RANDOLPH, NJ- During February’s National Dental Health Month, Randolph based businesses Pediatric Dental Associates of Randolph and Baumwoll Orthodontics visited local schools to help educate kids on healthy teeth and gums.
Both practices have made a habit of doing the school visits annually in February, and for Pediatric Dental Associates of Randolph, it is now over 25 years they have delivered school presentations.
“In a fun and entertaining, yet informative way, we tried to promote the importance of keeping your teeth clean and eating “teeth healthy” foods from an early age,” said Orthodontist Heather Baumwoll. “They should get into good habits now that will stay with them for the rest of their lives.
Throughout the month of February, Baumwoll, who is a lifelong resident of Randolph, visited multiple Township schools where she spoke to preschool and Kindergarten classes, as well as some second and third grade classes.
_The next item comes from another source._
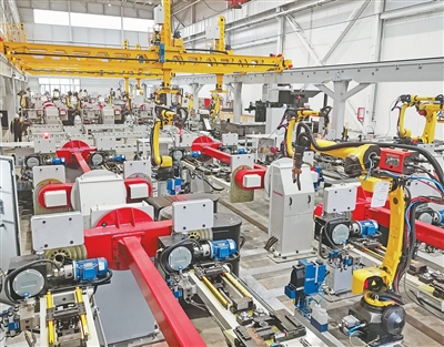 在湖南浏阳市一生产基地内,由交通银行授信支持的长沙华恒机器人系统有限公司自研生产的工业机器人正在作业。

“National Dental Health Month is celebrated each February to raise awareness about the importance of oral health, said Baumwoll. “Developing good habits at a young age along with regular dental visits will help children to have lifelong healthy teeth and gums, and stresses the importance of good oral hygiene to parents and children.”
Fatemah Bagheri, a Dental Hygienist at Pediatric Dental Associates of Randolph, also made rounds in local pre-schools, day care centers, kindergarten classes, and 1st grade classrooms in Randolph, Roxbury, Rockaway, and Denville.
During her discussions with the kids Bagheri had some amusing interactions, stating that many kids “blurted out family secrets such as the foods their parents eat that are bad for their teeth, or that their parents like to walk around naked while brushing."
Bagheri showed the kids how to brush and floss properly, how much toothpaste to use, and discussed what happens at a dental check-up. She showed the kids her dental tools and also explained what kinds of foods are good for your teeth and which are not.
The students’ youthful enthusiasm shined through in their multiple questions and comments. Some recounted stories about an uncle or grandfather with no teeth, while others asked questions about how braces go on and come off. Hands were also raised by kids who asked about specific sugar snacks that were in their lunch box that day, questioning whether or not they should eat them.
Since some of the older kids are approaching the age at which they should begin to see an orthodontist for an evaluation. For this group, Baumwoll explained what they might expect at that visit, and discussed some of the ways orthodontists can help them achieve beautiful smiles.
“During all these classroom visits I learned that kids really are sponges; they answered all of my review questions correctly in unison,” said Baumwoll. “I was very impressed at how they paid attention, especially the younger kids. It also shows that many of them have been given a solid dental education by their pediatric dentists.”